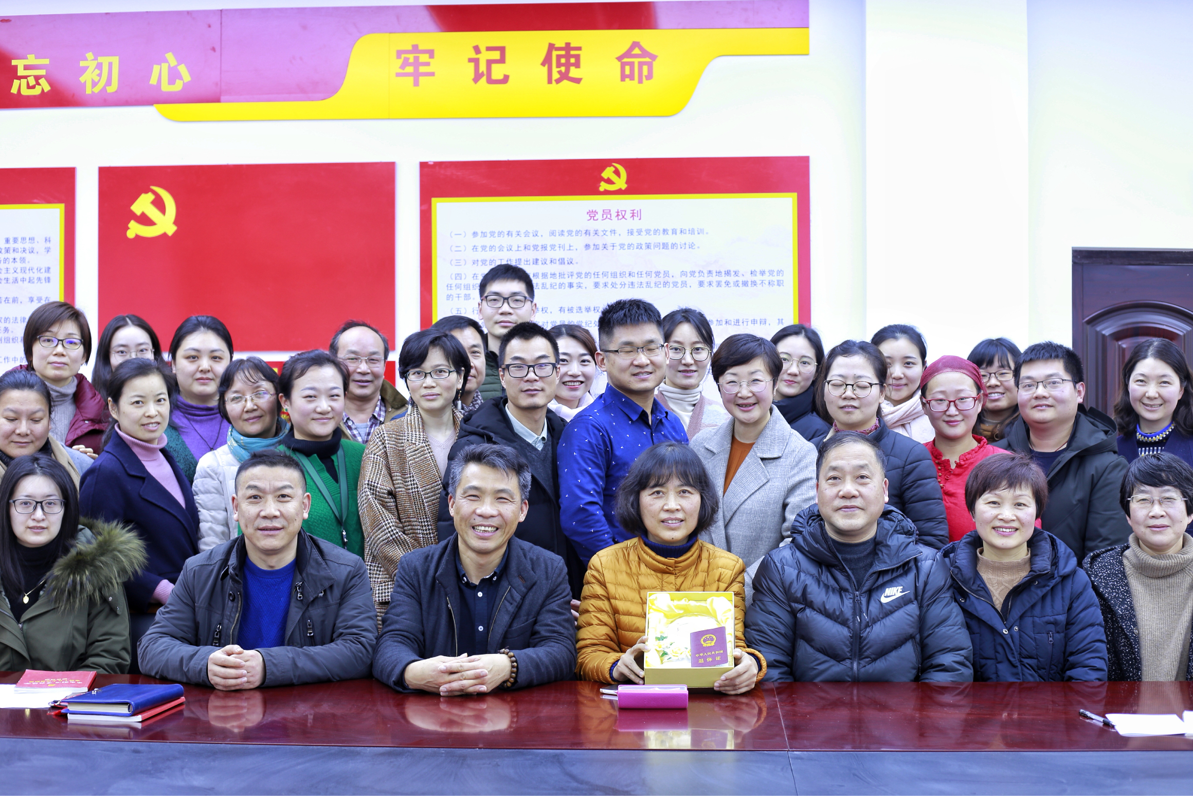 与会教师们纷纷祝愿胡海影老师身体健康,退休生活美满幸福。会议最后,沈军甫代表学校向胡海影老师颁发光荣退休荣誉证书并合影留念。
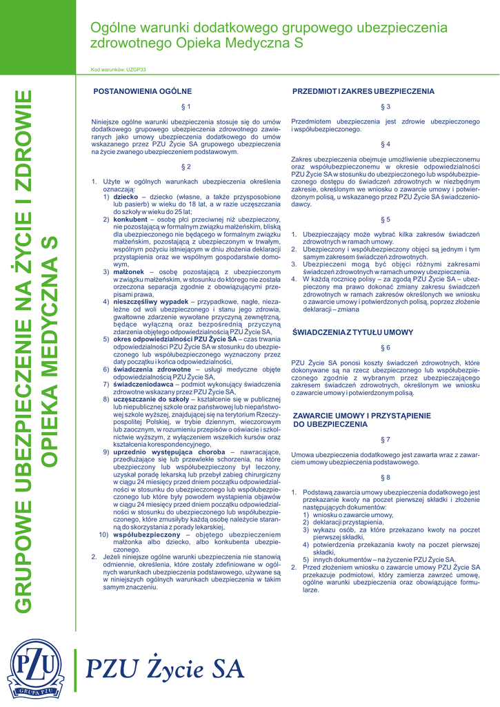 Ogólne warunki dodatkowego grupowego ubezpieczenia zdrowotnego Opieka Medyczna S Kod warunków: UZGP33 POSTANOWIENIA OGÓLNE PRZEDMIOT I ZAKRES UBEZPIECZENIA §1 §3 Niniejsze ogólne warunki ubezpieczenia stosuje się do umów dodatkowego grupowego ubezpieczenia zdrowotnego zawieranych jako umowy ubezpieczenia dodatkowego do umów wskazanego przez PZU Życie SA grupowego ubezpieczenia na życie zwanego ubezpieczeniem podstawowym. Przedmiotem ubezpieczenia jest zdrowie ubezpieczonego i współubezpieczonego. §2 1. Użyte w ogólnych warunkach ubezpieczenia określenia oznaczają: 1) dziecko – dziecko (własne, a także przysposobione lub pasierb) w wieku do 18 lat, a w razie uczęszczania do szkoły w wieku do 25 lat; 2) konkubent – osobę płci przeciwnej niż ubezpieczony, nie pozostającą w formalnym związku małżeńskim, bliską dla ubezpieczonego nie będącego w formalnym związku małżeńskim, pozostającą z ubezpieczonym w trwałym, wspólnym pożyciu istniejącym w dniu złożenia deklaracji przystąpienia oraz we wspólnym gospodarstwie domowym, 3) małżonek – osobę pozostającą z ubezpieczonym w związku małżeńskim, w stosunku do którego nie została orzeczona separacja zgodnie z obowiązującymi przepisami prawa, 4) nieszczęśliwy wypadek – przypadkowe, nagłe, niezależne od woli ubezpieczonego i stanu jego zdrowia, gwałtowne zdarzenie wywołane przyczyną zewnętrzną, będące wyłączną oraz bezpośrednią przyczyną zdarzenia objętego odpowiedzialnością PZU Życie SA, 5) okres odpowiedzialności PZU Życie SA – czas trwania odpowiedzialności PZU Życie SA w stosunku do ubezpieczonego lub współubezpieczonego wyznaczony przez daty początku i końca odpowiedzialności, 6) świadczenia zdrowotne – usługi medyczne objęte odpowiedzialnością PZU Życie SA, 7) świadczeniodawca – podmiot wykonujący świadczenia zdrowotne wskazany przez PZU Życie SA, 8) uczęszczanie do szkoły – kształcenie się w publicznej lub niepublicznej szkole oraz państwowej lub niepaństwowej szkole wyższej, znajdującej się na terytorium Rzeczypospolitej Polskiej, w trybie dziennym, wieczorowym lub zaocznym, w rozumieniu przepisów o oświacie i szkolnictwie wyższym, z wyłączeniem wszelkich kursów oraz kształcenia korespondencyjnego, 9) uprzednio występująca choroba – nawracające, przedłużające się lub przewlekłe schorzenia, na które ubezpieczony lub współubezpieczony był leczony, uzyskał poradę lekarską lub przebył zabieg chirurgiczny w ciągu 24 miesięcy przed dniem początku odpowiedzialności w stosunku do ubezpieczonego lub współubezpieczonego lub które były powodem wystąpienia objawów w ciągu 24 miesięcy przed dniem początku odpowiedzialności w stosunku do ubezpieczonego lub współubezpieczonego, które zmusiłyby każdą osobę należycie staranną do skorzystania z porady lekarskiej, 10) współubezpieczony – objętego ubezpieczeniem małżonka albo dziecko, albo konkubenta ubezpieczonego. 2. Jeżeli niniejsze ogólne warunki ubezpieczenia nie stanowią odmiennie, określenia, które zostały zdefiniowane w ogólnych warunkach ubezpieczenia podstawowego, używane są w niniejszych ogólnych warunkach ubezpieczenia w takim samym znaczeniu. §4 Zakres ubezpieczenia obejmuje umożliwienie ubezpieczonemu oraz współubezpieczonemu w okresie odpowiedzialności PZU Życie SA w stosunku do ubezpieczonego lub współubezpieczonego dostępu do świadczeń zdrowotnych w niezbędnym zakresie, określonym we wniosku o zawarcie umowy i potwierdzonym polisą, u wskazanego przez PZU Życie SA świadczeniodawcy. §5 1. Ubezpieczający może wybrać kilka zakresów świadczeń zdrowotnych w ramach umowy. 2. Ubezpieczony i współubezpieczony objęci są jednym i tym samym zakresem świadczeń zdrowotnych. 3. Ubezpieczeni mogą być objęci różnymi zakresami świadczeń zdrowotnych w ramach umowy ubezpieczenia. 4. W każdą rocznicę polisy – za zgodą PZU Życie SA – ubezpieczony ma prawo dokonać zmiany zakresu świadczeń zdrowotnych w ramach zakresów określonych we wniosku o zawarcie umowy i potwierdzonych polisą, poprzez złożenie deklaracji – zmiana ŚWIADCZENIA Z TYTUŁU UMOWY §6 PZU Życie SA ponosi koszty świadczeń zdrowotnych, które dokonywane są na rzecz ubezpieczonego lub współubezpieczonego zgodnie z wybranym przez ubezpieczającego zakresem świadczeń zdrowotnych, określonym we wniosku o zawarcie umowy i potwierdzonym polisą. ZAWARCIE UMOWY I PRZYSTĄPIENIE DO UBEZPIECZENIA §7 Umowa ubezpieczenia dodatkowego jest zawarta wraz z zawarciem umowy ubezpieczenia podstawowego. §8 1. Podstawą zawarcia umowy ubezpieczenia dodatkowego jest przekazanie kwoty na poczet pierwszej składki i złożenie następujących dokumentów: 1) wniosku o zawarcie umowy, 2) deklaracji przystąpienia, 3) wykazu osób, za które przekazano kwoty na poczet pierwszej składki, 4) potwierdzenia przekazania kwoty na poczet pierwszej składki, 5) innych dokumentów – na życzenie PZU Życie SA. 2. Przed złożeniem wniosku o zawarcie umowy PZU Życie SA przekazuje podmiotowi, który zamierza zawrzeć umowę, ogólne warunki ubezpieczenia oraz obowiązujące formularze. 3. PZU Życie SA może odmówić zawarcia umowy. W tym przypadku PZU Życie SA zwraca ubezpieczającemu kwotę przekazaną, na poczet pierwszej składki w pełnej wysokości. 4. PZU Życie SA potwierdza zawarcie umowy polisą. 5. Umowę uważa się za zawartą z chwilą doręczenia polisy ubezpieczającemu, przy czym odpowiedzialność PZU Życie SA w stosunku do poszczególnych ubezpieczonych lub współubezpieczonych rozpoczyna się nie wcześniej niż w terminie ustalonym zgodnie z § 17. ZMIANA UMOWY § 15 Wszelkie zmiany w umowie są dokonywane w drodze rokowań, w trybie ofertowym bądź w inny przewidziany ogólnie obowiązującymi przepisami prawa sposób i potwierdzane w formie pisemnej, z wyjątkiem zmian, których dopuszczalny zakres określon
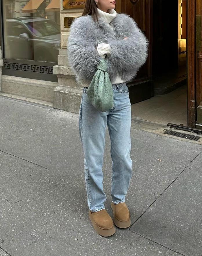 毛毛外套真的是最適合冬季的一種外套了,摸起來手感舒適,穿起來更是保暖,利落的短款,穿起來提高腰線比例,又能延長下身的腿型線條。
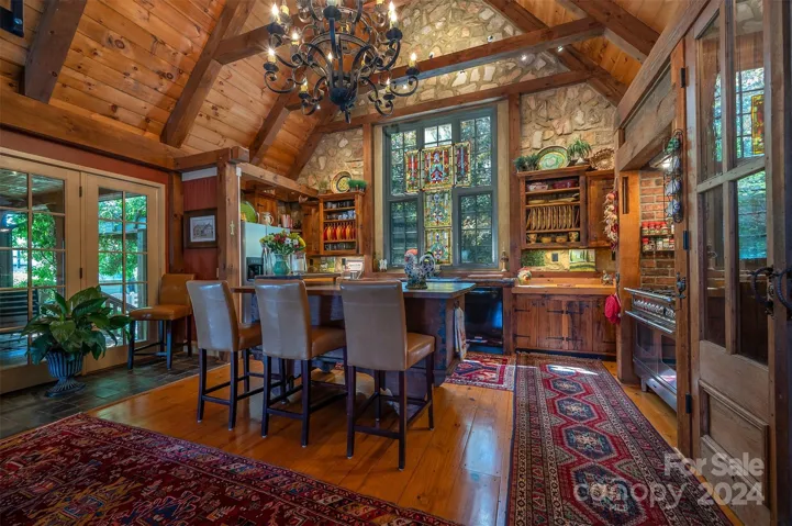 Enjoy the quiet life of The Traces, with nearly seven acres of pasture for your horses, in this stunning and elegant custom post-and-beam home with tongue and groove ceilings, beautiful interior and exterior rock work, antique doors, custom cabinetry and large wood-burning fireplace. Dine al fresco on either of the verandas or covered areas. A lovely 19 x 50 swimming pool and covered patio are just steps away. When you’re not riding the extensive FETA trails your horses will live in style in the four-stall, post-and-beam barn featuring a 9 x 17 tack room with laundry and an 11 x 22 office w/ shower room. This property includes two paddocks of just under an acre each and approximately 6.8 acres pasture in the common area. The farm is within minutes of Tryon, Landrum and Columbus as well as the three area equestrian competition venues. Roof is brand new.
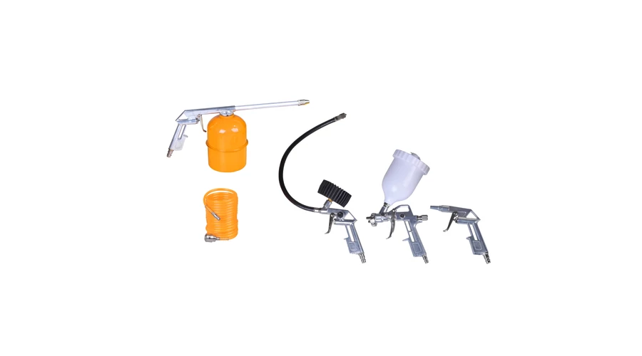 Set alata za kompresore 5/1 pruža sve što je potrebno za profesionalnu i kućnu upotrebu kompresorskih sistema. Ovaj praktičan komplet je savršen za radionice, servise i garaže, omogućavajući lako čišćenje, pritisak, prskanje i napuhavanje različitih predmeta.
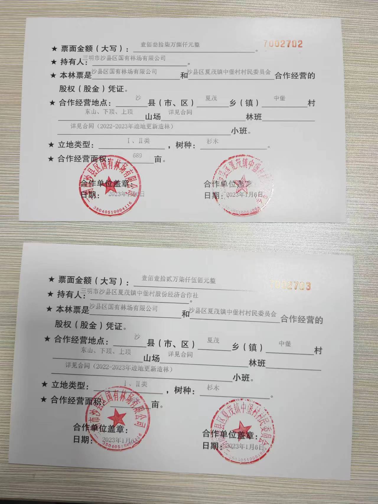 建立多形态、多业态的林业利益联结机制,在全省首创股权共有、经营共管、资本共盈、收益共享的林业“四共一体”经济模式,搭建国有林场、村集体及林农间的合作桥梁,实现资源共享、优势互补、共同发展。一是深化以场带村联营机制。以“国有林场+”为切入点,推动国有林场与乡镇集体林场、村委会、村民小组等集体组织开展合作经营,创新合作造林、股份合作经营、委托经营、整村推进等场村联营形式,以“专业的人做专业的事”,破解村集体缺资金、缺技术、缺管理困境,实现林地专业化经营,提升森林质量和资产价值。据测算,合作林每亩平均出材量可从7立方米提高至12立方米以上,村集体每合作1000亩年可增收7万元以上。二是创新集体资金进山入林机制。引导集体资金投入国有林场森林经营与培育项目,为国有林场高质量发展提供资金支持。由村集体出资金,即村集体以乡村振兴补助资金入股占比10%,国有林场以林地、技术、管理等入股占比90%,村集体每年享受投入资金5%的预分红,主伐时收益按股分配,这一做法既保障乡村振兴资金收益,又带动了村集体增收。项目首批试点凤岗街道水美村、高砂镇渔珠村、高桥镇杉口村、大洛镇昌荣村等4个乡村振兴扶持村共投入国有林场345万元用于造林抚育,每年预分红5%,合作30年分红可达517.5万元。三是推广联林带户机制。推广以沙县区国有林场有限公司、林业集团有限公司等国企为主的联林带户机制,为林农户提供林地林木代管、统一经营作业、订单林业等专业化服务,特别是将国有林场专业化联营范围扩大到林业经营大户、林农个体,推动不同林业新型经营主体做大做强,解决外出创业林农的后顾之忧。目前,全区已有108个林业经营主体完成合作面积11.9万亩,受益林农达3.2万余人。
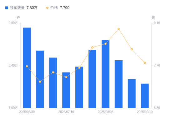 近一年(2024年9月20日至2025年9月10日),远东传动A股股东户数从6.69万户,增加至7.8万户,增幅16.73%,区间股价上涨62.97%。
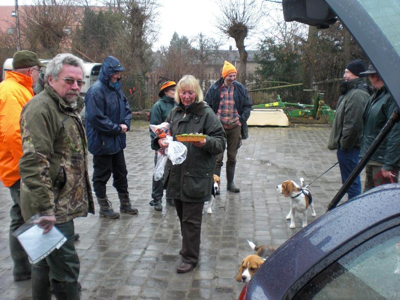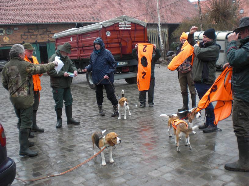 Rupert mit Führer Herrn Moelm und Klein-Tess mit mir machten sich am Frühlingsanfang auf nach Schellerten, wo wieder einmal eine Spl-Prüfung unter der Organisation von Frau Hoefft ( dicken Dank, lieber Gunda! ) in den Revier von Herrn Ohlms stattfinden durfte. Ein bewährtes Richterteam war vor Ort ( die Herren Klein, Werner und Engelking ) dazu die anderen Prüflinge Ole vom Wulbecktal ( H. Rockahr ) und Frida v. Rekka’s Hozhütte ( Herr Hensel ). Nach völlig unproblematischer Schußfestigkeitsprüfung ging es in das Revier. Das Wetter war wenig frühlingshaft, Nieselregen, kalt, ungemütlich - das führte allerdings dazu, das die Hasen fest saßen und gut gearbeitet werden konnten. Denn je freundlicher das Wetter wurde, in desto größer Zahl tummelten sich die Hasen in Gruppen bis zu 7 Stück im gut übersichtlichen Gelände - Frühling eben… - aber für die Hunde nicht zu arbeiten. Trotzdem kamen alle Hund zu ihren Recht ( die Richter waren sehr sehr freundlich und bestatteten bis zu 5 Hasen…) und so stand zur Mittagszeit fest: alle Hunde haben bestanden! Der Tagessieg mit 100 Pkt. ging an Frida ,, Interim’s Lady Tess Tuberville ( 7 Monate jung ) 100 Pkte, Interim’s Sir Rupert Rhys - 96 Pkt. und Ole vom Wulbecktal 50 Pkt.Herzlichen Glückwunsch an Hunde und Führer und Dank an Richter, Revierinhaber und Gunda!

____________

_Task brief_:
Would you copy, word for word, only the lines above from the one containing "毛毛外套真的是最適合冬季的一" through the one containing "Set alata za", both included, and please leave out the pictures?

_Answer box_:
 毛毛外套真的是最適合冬季的一種外套了,摸起來手感舒適,穿起來更是保暖,利落的短款,穿起來提高腰線比例,又能延長下身的腿型線條。
 Enjoy the quiet life of The Traces, with nearly seven acres of pasture for your horses, in this stunning and elegant custom post-and-beam home with tongue and groove ceilings, beautiful interior and exterior rock work, antique doors, custom cabinetry and large wood-burning fireplace. Dine al fresco on either of the verandas or covered areas. A lovely 19 x 50 swimming pool and covered patio are just steps away. When you’re not riding the extensive FETA trails your horses will live in style in the four-stall, post-and-beam barn featuring a 9 x 17 tack room with laundry and an 11 x 22 office w/ shower room. This property includes two paddocks of just under an acre each and approximately 6.8 acres pasture in the common area. The farm is within minutes of Tryon, Landrum and Columbus as well as the three area equestrian competition venues. Roof is brand new.
 Set alata za kompresore 5/1 pruža sve što je potrebno za profesionalnu i kućnu upotrebu kompresorskih sistema. Ovaj praktičan komplet je savršen za radionice, servise i garaže, omogućavajući lako čišćenje, pritisak, prskanje i napuhavanje različitih predmeta.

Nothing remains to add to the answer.